Technical Details: The invention’s Active Sparse Labeling (ASL) algorithm identifies the usefulness of each frame of a video. ASL then suggests the frames and videos that can improve dense video understanding tasks such as activity detection in videos. Along with the algorithm, the invention uses a unique method called Spatio-Temporal Weighted loss (STeW loss) to train video models using datasets with sparsely annotated frames. The invention works in two stages, first, it trains a deep-learning video model using very sparse frames and then uses the trained deep-learning model to select more frames for annotation based on their utility value. When tested on public benchmark datasets, UCF-101 and J-HMDB, with more than 400,000 frames, the invention effectively reduced annotation cost by 90 percent and learned action detection in videos using only 10 percent of annotated video frames.
Partnering Opportunity: The research team is seeking partners for licensing, research collaboration, or both.
Stage of Development: Prototype available.
Are All Frames Equal? Active Sparse Labeling for Video Action Detection, 36th Conference on Neural Information Processing Systems (NeurIPS 2022).
The University of Central Florida invention introduces a novel approach to person identification based on daily activities, addressing the limitations of traditional methods such as face recognition and gait analysis. Face recognition techniques, while advanced, often fail in real-world scenarios where facial features are not visible due to factors like long distances, environmental disturbances, occlusions (e.g., mask-wearing), and uncooperative subjects. Gait recognition, which analyzes walking patterns, also has limitations as individuals are not always walking in real-world situations.
This invention focuses on identifying individuals based on a wide range of daily activities, such as sitting, taking off a jacket, drinking water, and more. These activities provide unique behavioral cues that can be instrumental in identifying individuals even when facial information is unavailable. The approach leverages video analysis to process both biometric features (e.g., body shape, gait) and non-biometric features (e.g., clothing, background) from video data.
Technical Details: The UCF invention utilizes advanced video analysis techniques to process both biometric and non-biometric features from video data. Initially, an RGB video input containing a mix of biometric features (such as body shape and gait) and non-biometric features (such as clothing and background) is received. This video is passed through a sophisticated video encoder that extracts spatial-temporal features, which are divided into two streams. The "activity head" analyzes the specific activities depicted in the video, while the "actor head" distinguishes between the biometric and non-biometric features of the individual.
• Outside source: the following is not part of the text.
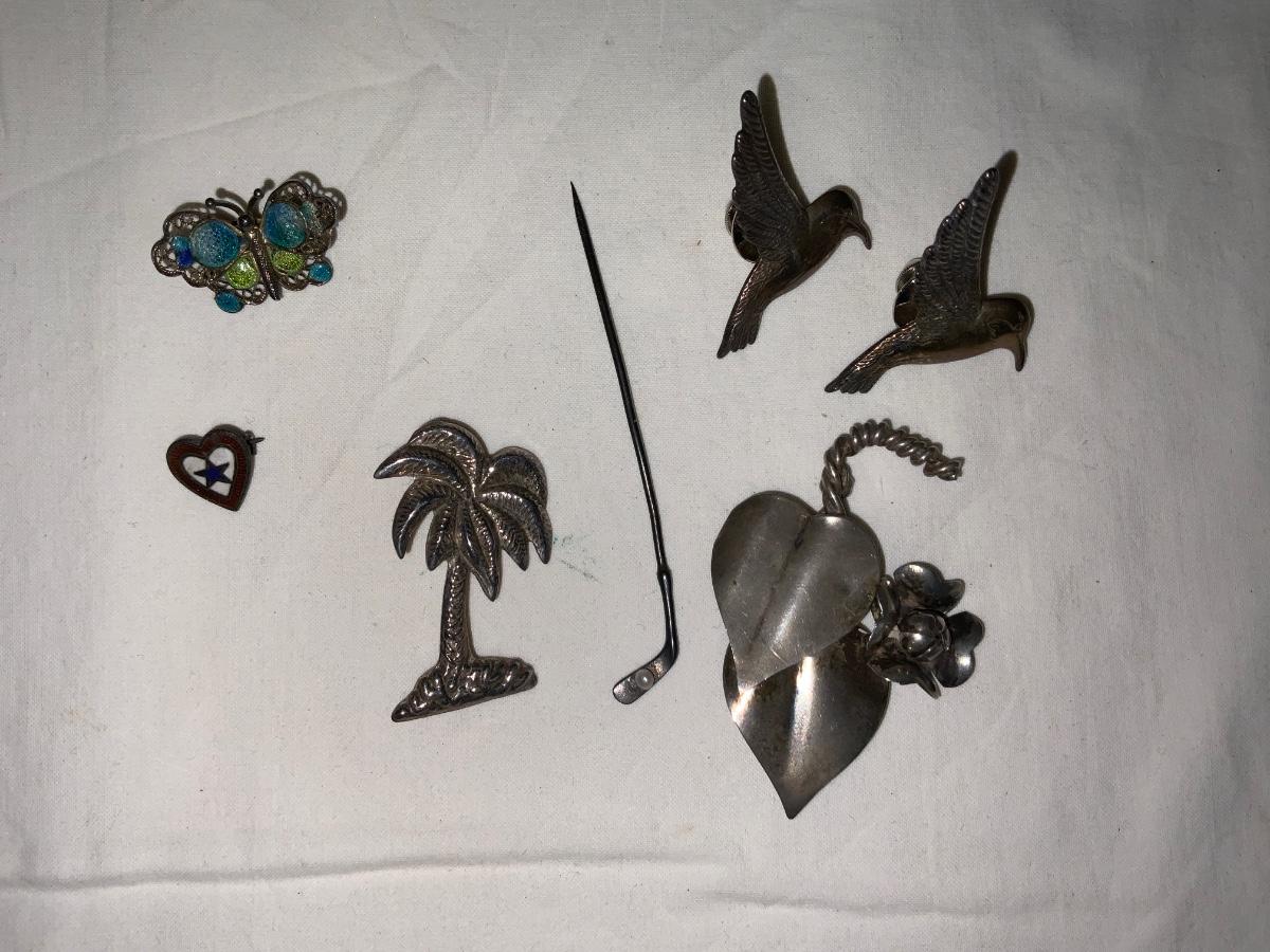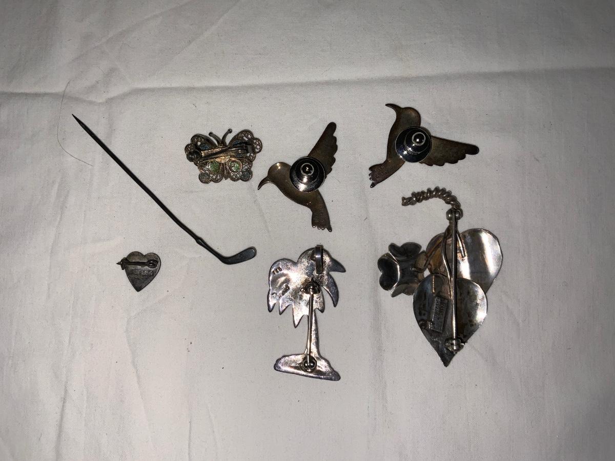 Lot of Sterling Silver Pins/Brooches. All marked Sterling or 925 with the exception of the butterfly which is somewhat indistinguishable. Not verified or tested. Please see photos for condition

To enhance identification accuracy, the invention employs a bias-less distillation process, where a silhouette version of the video is processed through a teacher network to distill unbiased biometric features back into the main model, filtering out appearance-related biases. Additionally, a bias-learning technique distorts the original video to obscure biometric features while keeping non-biometric features intact, allowing the system to learn and compensate for appearance biases during training. The method concludes with a joint training process that refines both activity and actor features, enabling the system to use these enhanced features for accurate identification by comparing them against a pre-existing gallery of identities.